* **Information**:
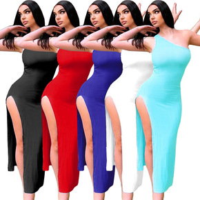 速卖通欧美跨境女装斜肩弹力性感紧身侧高开叉洋装礼服...
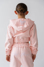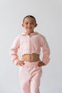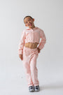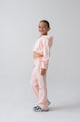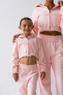 Maximum style, minimum effort. Update your sweats this season with our most popular oversized kids tracksuit. Our joggers feature a straight leg design with a raw hem, distressed waist band and our embroidered logo on the back. Our crop hoodie is designed to flatter with our ruched waist band and cuffs. The large hood with bow embroidered detailing and zip is a must for those perfect hair days! These tracksuits are an everyday must from lazy days to running your daily errands!
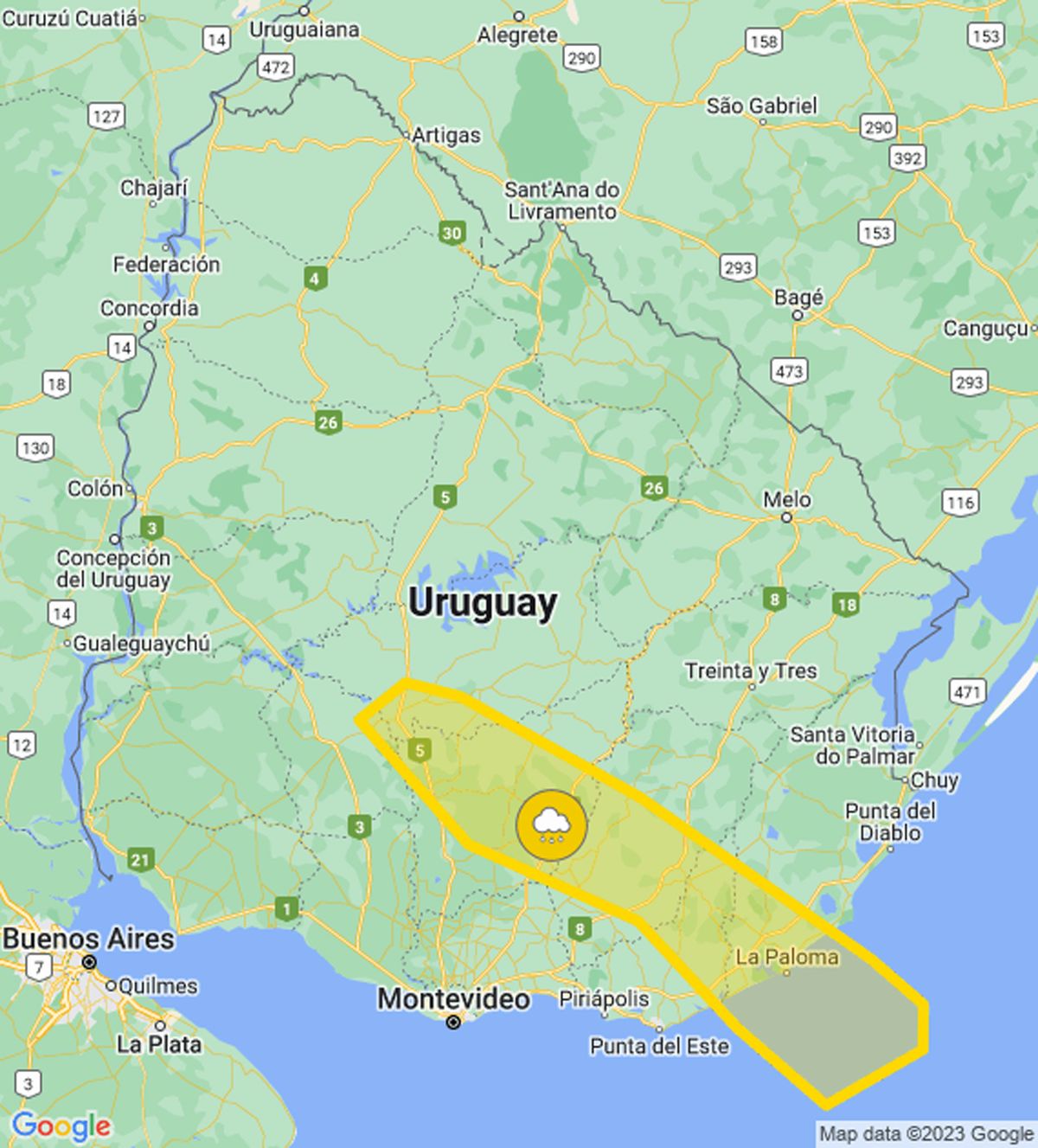 Meteorología publica este jueves de mañana una alerta amarilla por lluvias intensas para una franja que va desde el sur de Durazno hasta el extremo sureste, en Rocha.
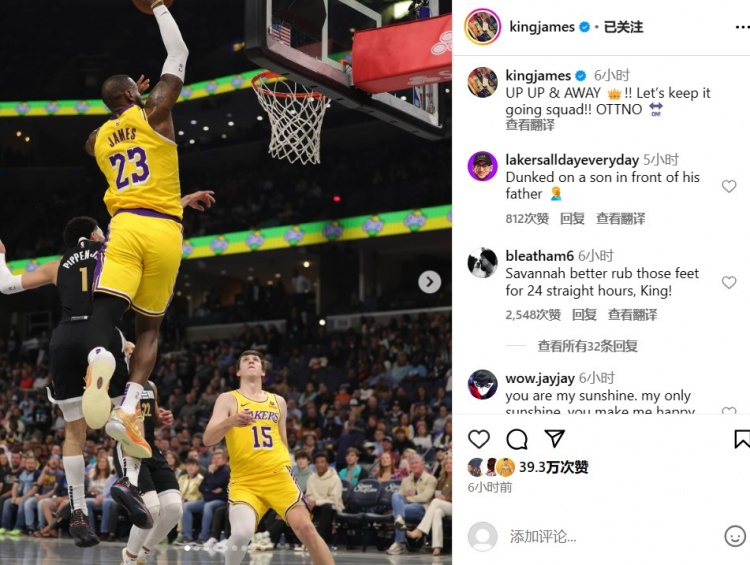 賽后,詹姆斯在INS曬出了自己空接隔扣的照片,并寫道:“起飛&起飛了
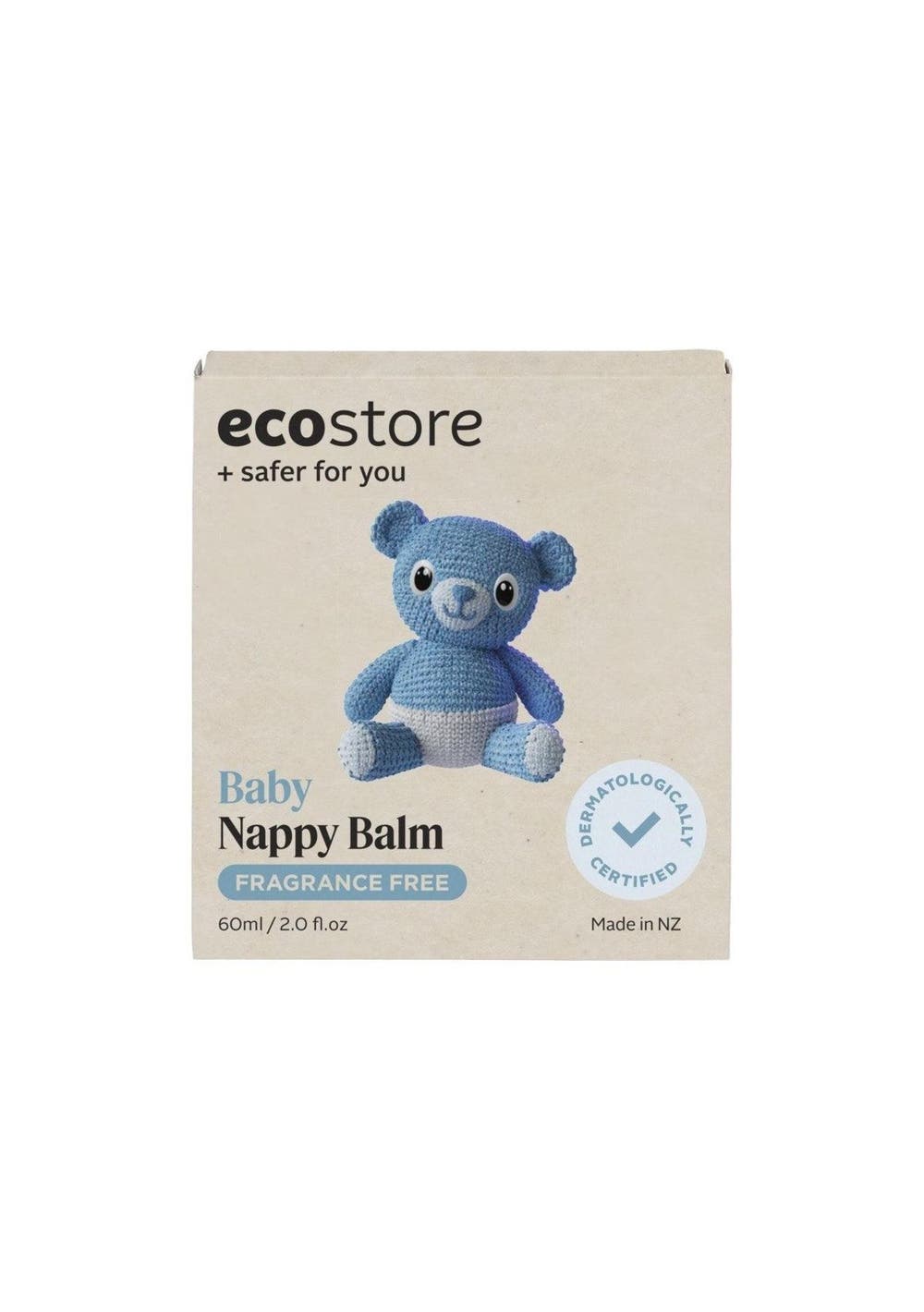 Ecostore: Baby Nappy Balm – 60ml Soothe and protect from nappy rash with our gentle fragrance free nappy balm. Made with zinc oxide and New Zealand Horopito extract it nourishes and helps protect irritated skin. Dermatologically tested for sensitive skin Made from plant and mineral-based ingredients Nourishes skin with olive and coconut oil Tip:To help prevent nappy rash, after bath time gently pat baby completely dry before you put him/her in nappies – as moisture encourages nappy rash. Put nappies on just snug enough to prevent leaks but not so tight they chafe. Avoid scented wipes or nappies, which can be drying and irritating. Use unscented wipes, warm water and cotton balls, or a soft damp flannel. Give your baby’s bottom some fresh air regularly by placing a cloth nappy or towel underneath, and let them enjoy being nappy-free. Directions for Use:For best results, apply balm with every nappy change to help protect skin from nappy rash. FSC CardboardCertified by the Forest Stewardship Council to promote environmentally appropriate, socially beneficial, and economically viable management of the world’s forests. Safer For Our EnvironmentThe ingredients in our Baby Nappy Balm are suitable for your septic tank and are safer for the environment. With proper greywater systems in place, the water from your baby’s bath can safely be re-used on your flower gardens, lawns, and trees. Ingredients When developing our products, we check all our ingredients against international safety standards.If there’s ever any doubt about an ingredient’s safety, we look for an alternative.We make our products to the highest quality and environmental standards, so you can be sure they’re safer for you and our world. Cocos Nucifera (Coconut) OilPseudowintera Colorata (Horopito) Leaf ExtractSesamum Indicum (Sesame) Seed OilZinc OxideCera Alba (Beeswax)Olea Europaea (Olive) Fruit OilFragrance: Fragrance Free

* **Aim of the exercise**: Give back every line of the material exactly as written, but not the pictures.

* **Answer to this exercise**:
 速卖通欧美跨境女装斜肩弹力性感紧身侧高开叉洋装礼服...
 Maximum style, minimum effort. Update your sweats this season with our most popular oversized kids tracksuit. Our joggers feature a straight leg design with a raw hem, distressed waist band and our embroidered logo on the back. Our crop hoodie is designed to flatter with our ruched waist band and cuffs. The large hood with bow embroidered detailing and zip is a must for those perfect hair days! These tracksuits are an everyday must from lazy days to running your daily errands!
 Meteorología publica este jueves de mañana una alerta amarilla por lluvias intensas para una franja que va desde el sur de Durazno hasta el extremo sureste, en Rocha.
 賽后,詹姆斯在INS曬出了自己空接隔扣的照片,并寫道:“起飛&起飛了
 Ecostore: Baby Nappy Balm – 60ml Soothe and protect from nappy rash with our gentle fragrance free nappy balm. Made with zinc oxide and New Zealand Horopito extract it nourishes and helps protect irritated skin. Dermatologically tested for sensitive skin Made from plant and mineral-based ingredients Nourishes skin with olive and coconut oil Tip:To help prevent nappy rash, after bath time gently pat baby completely dry before you put him/her in nappies – as moisture encourages nappy rash. Put nappies on just snug enough to prevent leaks but not so tight they chafe. Avoid scented wipes or nappies, which can be drying and irritating. Use unscented wipes, warm water and cotton balls, or a soft damp flannel. Give your baby’s bottom some fresh air regularly by placing a cloth nappy or towel underneath, and let them enjoy being nappy-free. Directions for Use:For best results, apply balm with every nappy change to help protect skin from nappy rash. FSC CardboardCertified by the Forest Stewardship Council to promote environmentally appropriate, socially beneficial, and economically viable management of the world’s forests. Safer For Our EnvironmentThe ingredients in our Baby Nappy Balm are suitable for your septic tank and are safer for the environment. With proper greywater systems in place, the water from your baby’s bath can safely be re-used on your flower gardens, lawns, and trees. Ingredients When developing our products, we check all our ingredients against international safety standards.If there’s ever any doubt about an ingredient’s safety, we look for an alternative.We make our products to the highest quality and environmental standards, so you can be sure they’re safer for you and our world. Cocos Nucifera (Coconut) OilPseudowintera Colorata (Horopito) Leaf ExtractSesamum Indicum (Sesame) Seed OilZinc OxideCera Alba (Beeswax)Olea Europaea (Olive) Fruit OilFragrance: Fragrance Free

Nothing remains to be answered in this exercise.